Task prompt:
Because the entries hold pictures, reproduce only their words, exactly as written.

Stored entries:

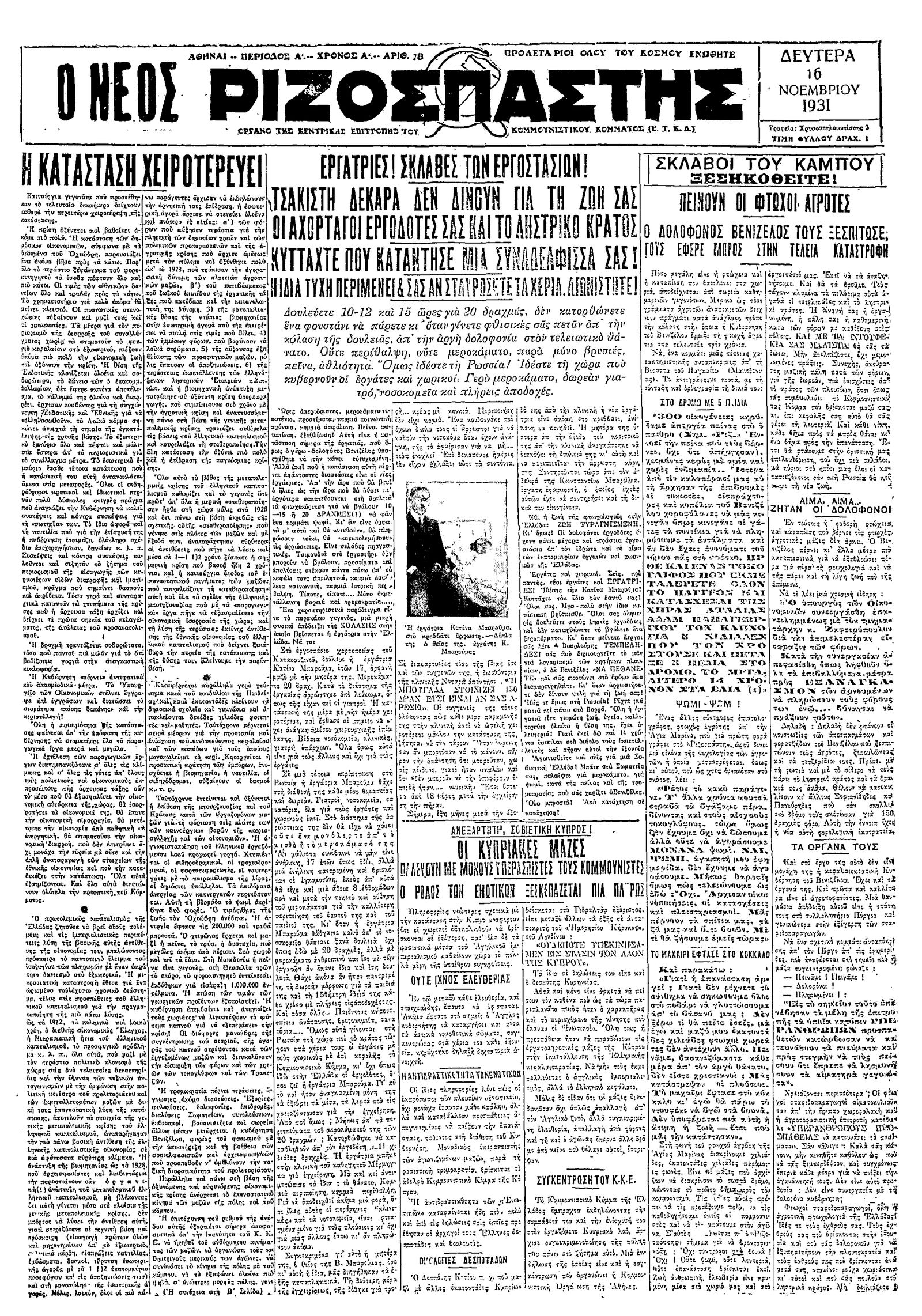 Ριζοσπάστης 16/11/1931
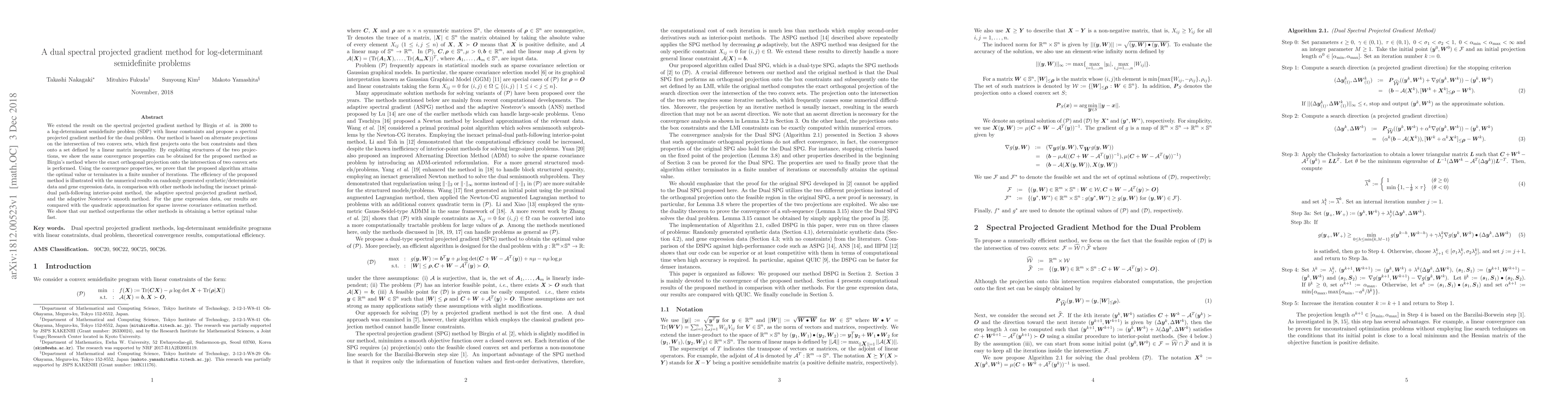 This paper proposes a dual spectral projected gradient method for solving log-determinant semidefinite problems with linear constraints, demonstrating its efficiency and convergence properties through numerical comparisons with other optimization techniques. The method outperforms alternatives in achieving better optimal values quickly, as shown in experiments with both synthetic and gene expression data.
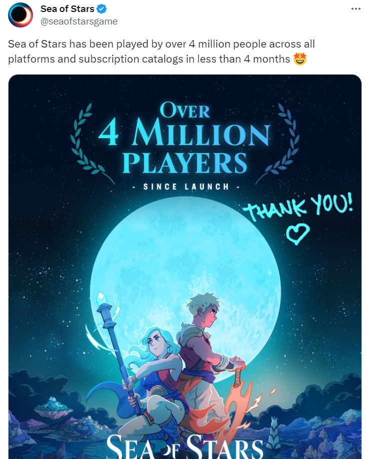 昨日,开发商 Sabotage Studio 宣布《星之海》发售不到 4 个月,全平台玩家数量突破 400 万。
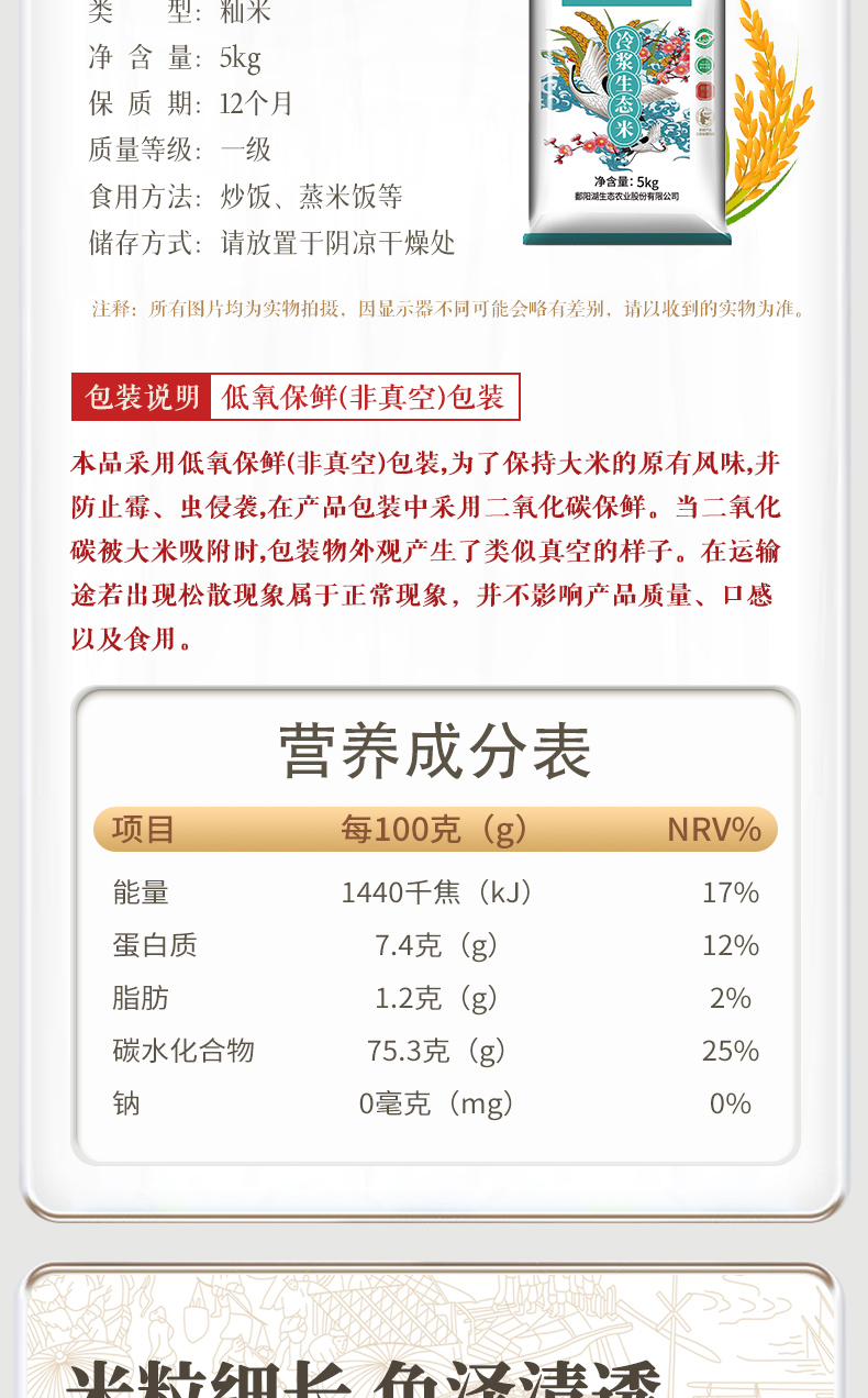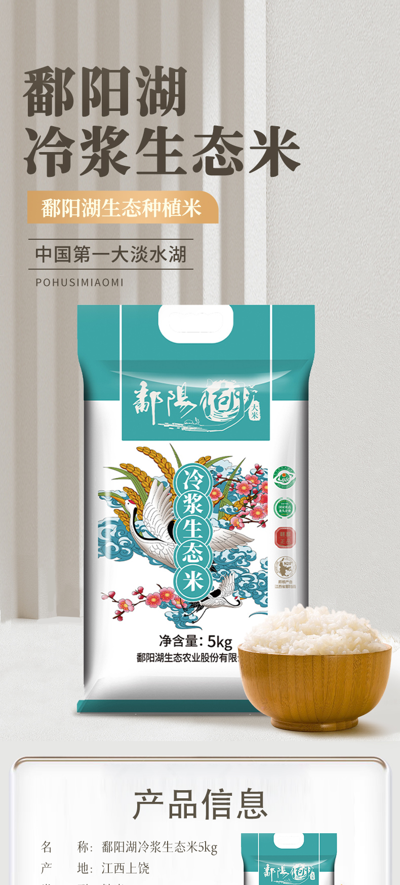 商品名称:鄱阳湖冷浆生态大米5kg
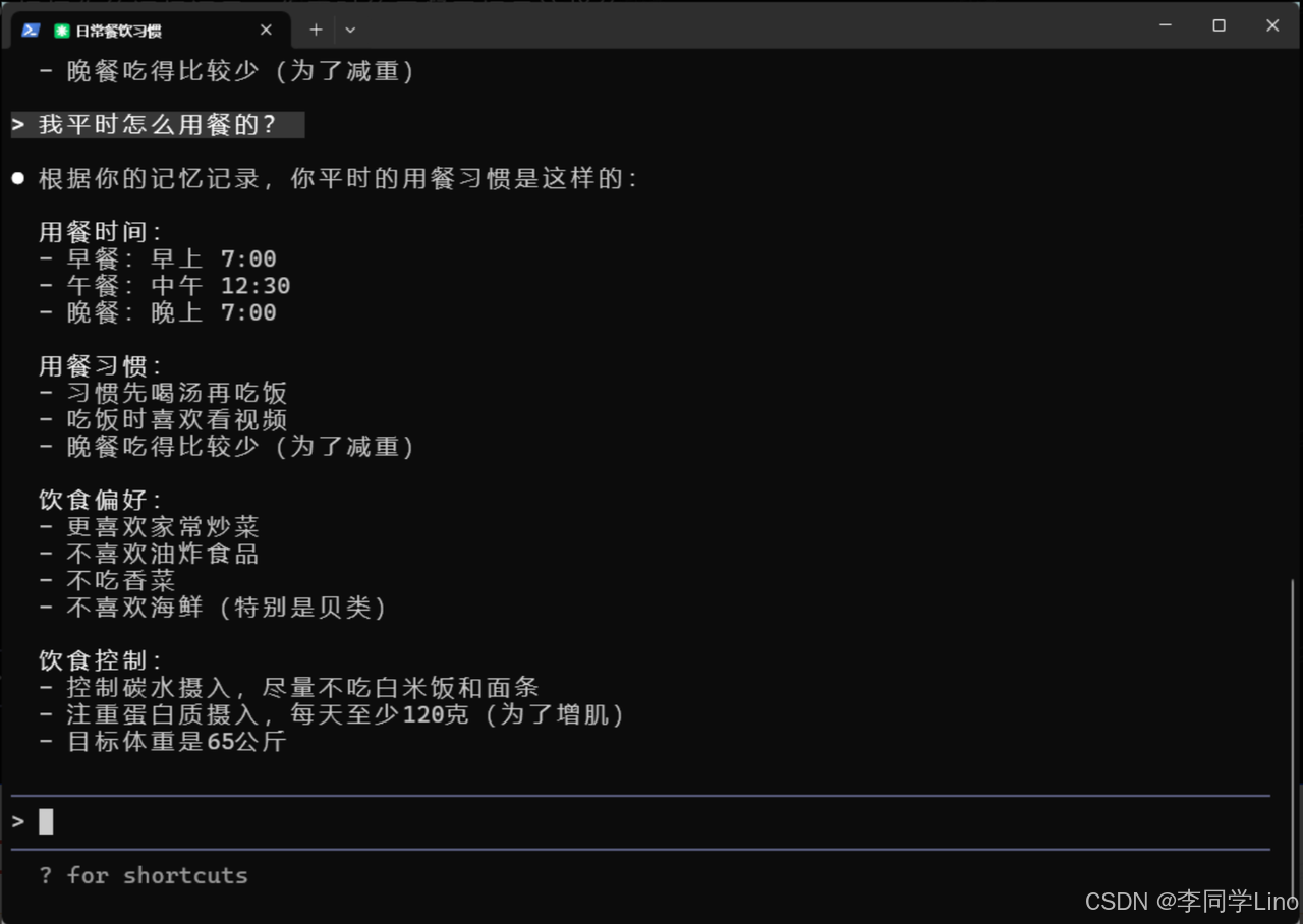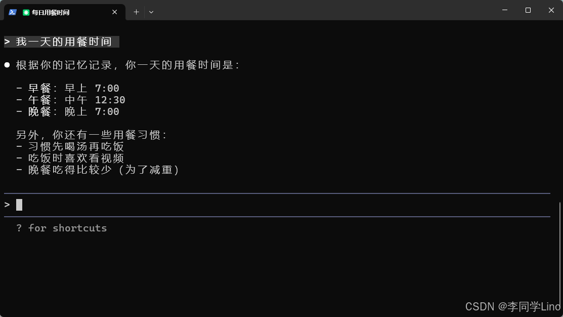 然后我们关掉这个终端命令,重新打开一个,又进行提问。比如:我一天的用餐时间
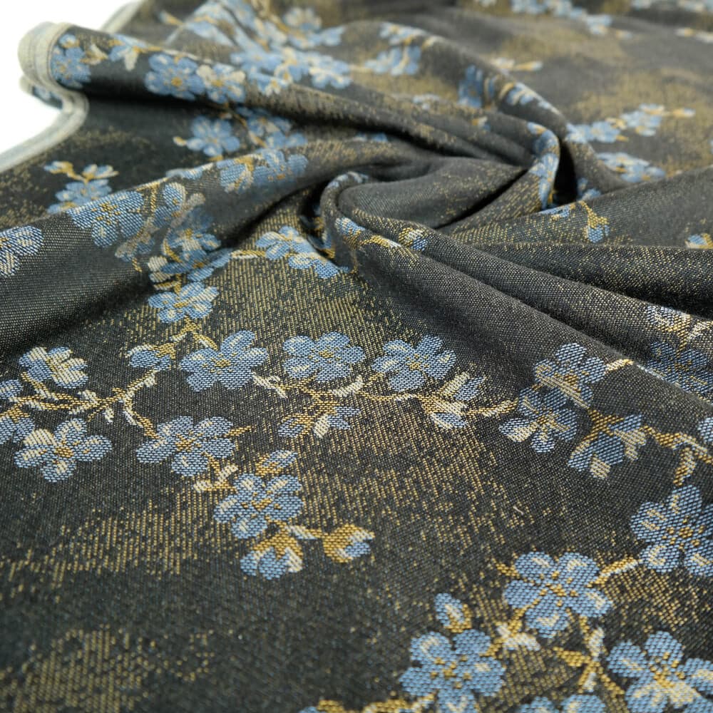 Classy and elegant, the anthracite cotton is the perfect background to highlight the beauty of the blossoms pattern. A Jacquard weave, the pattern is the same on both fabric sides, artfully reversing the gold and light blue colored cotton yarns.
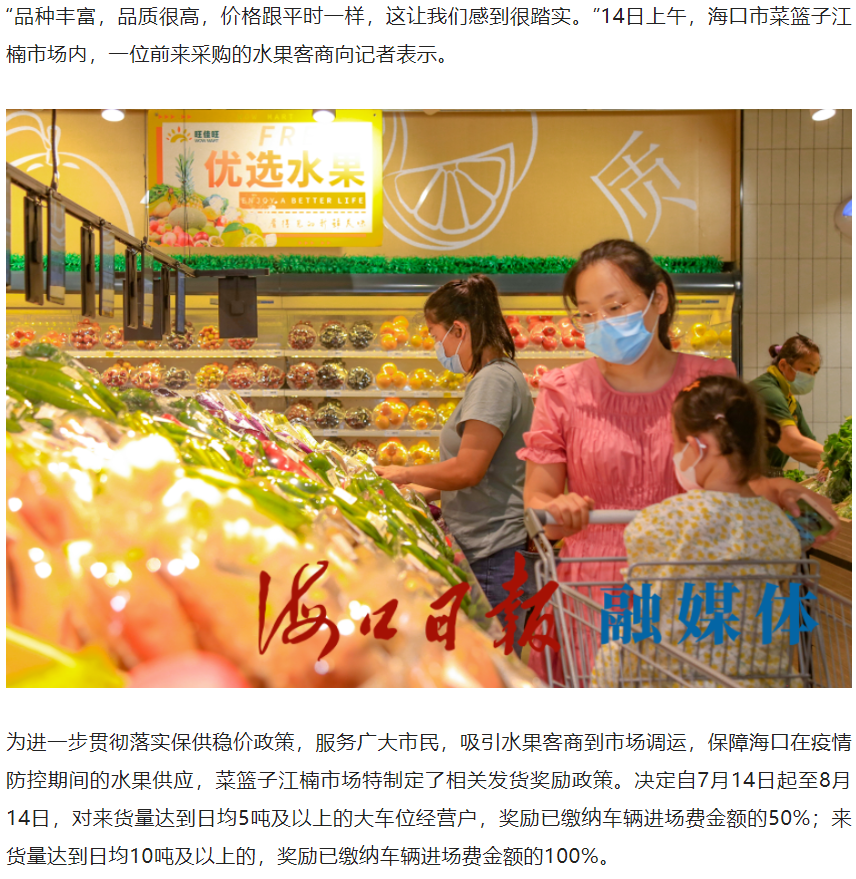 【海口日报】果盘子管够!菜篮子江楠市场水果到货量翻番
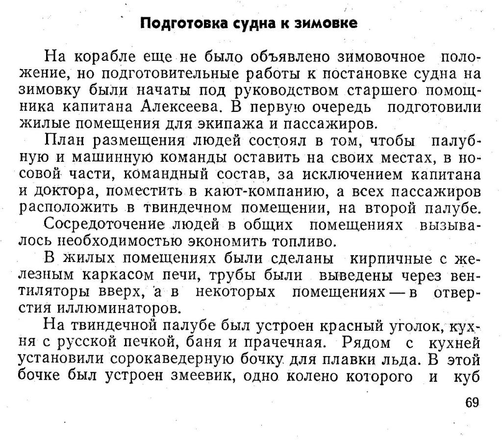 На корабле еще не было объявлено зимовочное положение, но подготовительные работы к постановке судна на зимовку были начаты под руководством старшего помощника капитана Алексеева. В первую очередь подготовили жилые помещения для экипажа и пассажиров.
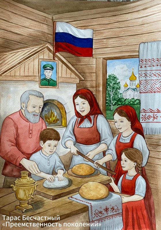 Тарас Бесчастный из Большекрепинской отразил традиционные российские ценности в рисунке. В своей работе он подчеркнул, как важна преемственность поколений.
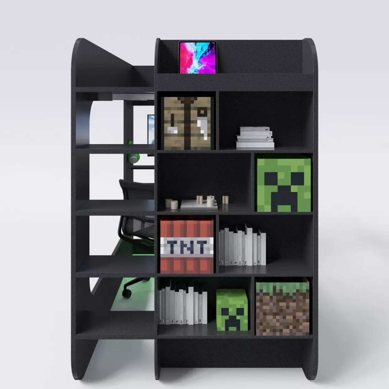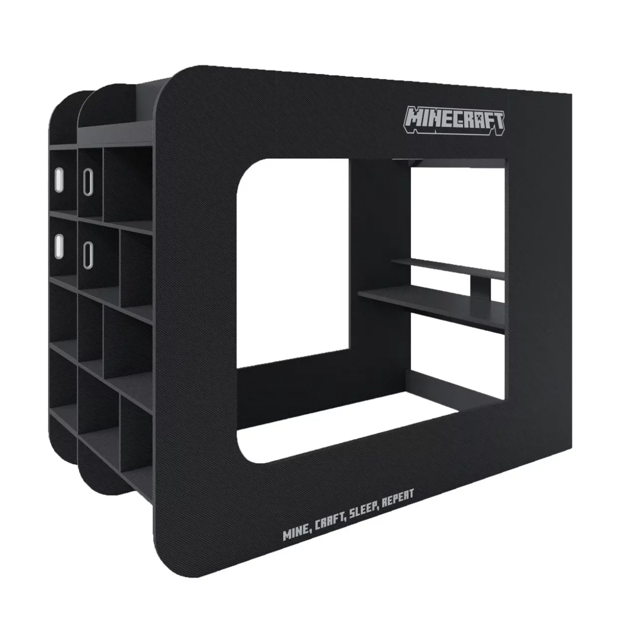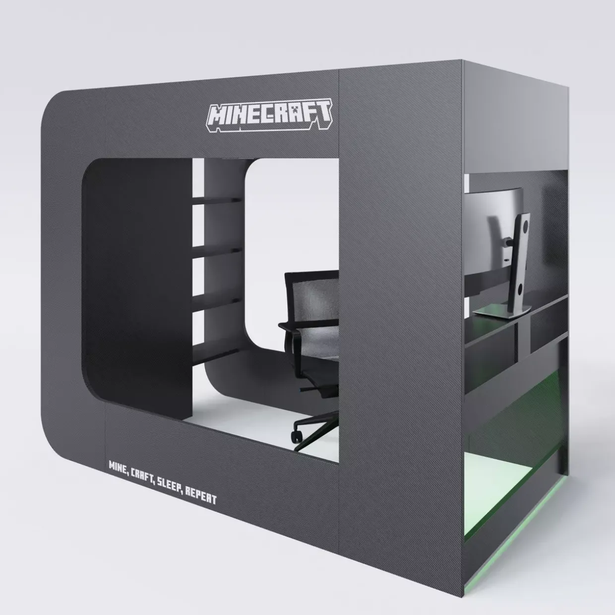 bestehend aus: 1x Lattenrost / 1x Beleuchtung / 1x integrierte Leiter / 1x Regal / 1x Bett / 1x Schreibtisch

Output of the exercise:
 Ριζοσπάστης 16/11/1931
 This paper proposes a dual spectral projected gradient method for solving log-determinant semidefinite problems with linear constraints, demonstrating its efficiency and convergence properties through numerical comparisons with other optimization techniques. The method outperforms alternatives in achieving better optimal values quickly, as shown in experiments with both synthetic and gene expression data.
 昨日,开发商 Sabotage Studio 宣布《星之海》发售不到 4 个月,全平台玩家数量突破 400 万。
 商品名称:鄱阳湖冷浆生态大米5kg
 然后我们关掉这个终端命令,重新打开一个,又进行提问。比如:我一天的用餐时间
 Classy and elegant, the anthracite cotton is the perfect background to highlight the beauty of the blossoms pattern. A Jacquard weave, the pattern is the same on both fabric sides, artfully reversing the gold and light blue colored cotton yarns.
 【海口日报】果盘子管够!菜篮子江楠市场水果到货量翻番
 На корабле еще не было объявлено зимовочное положение, но подготовительные работы к постановке судна на зимовку были начаты под руководством старшего помощника капитана Алексеева. В первую очередь подготовили жилые помещения для экипажа и пассажиров.
 Тарас Бесчастный из Большекрепинской отразил традиционные российские ценности в рисунке. В своей работе он подчеркнул, как важна преемственность поколений.
 bestehend aus: 1x Lattenrost / 1x Beleuchtung / 1x integrierte Leiter / 1x Regal / 1x Bett / 1x Schreibtisch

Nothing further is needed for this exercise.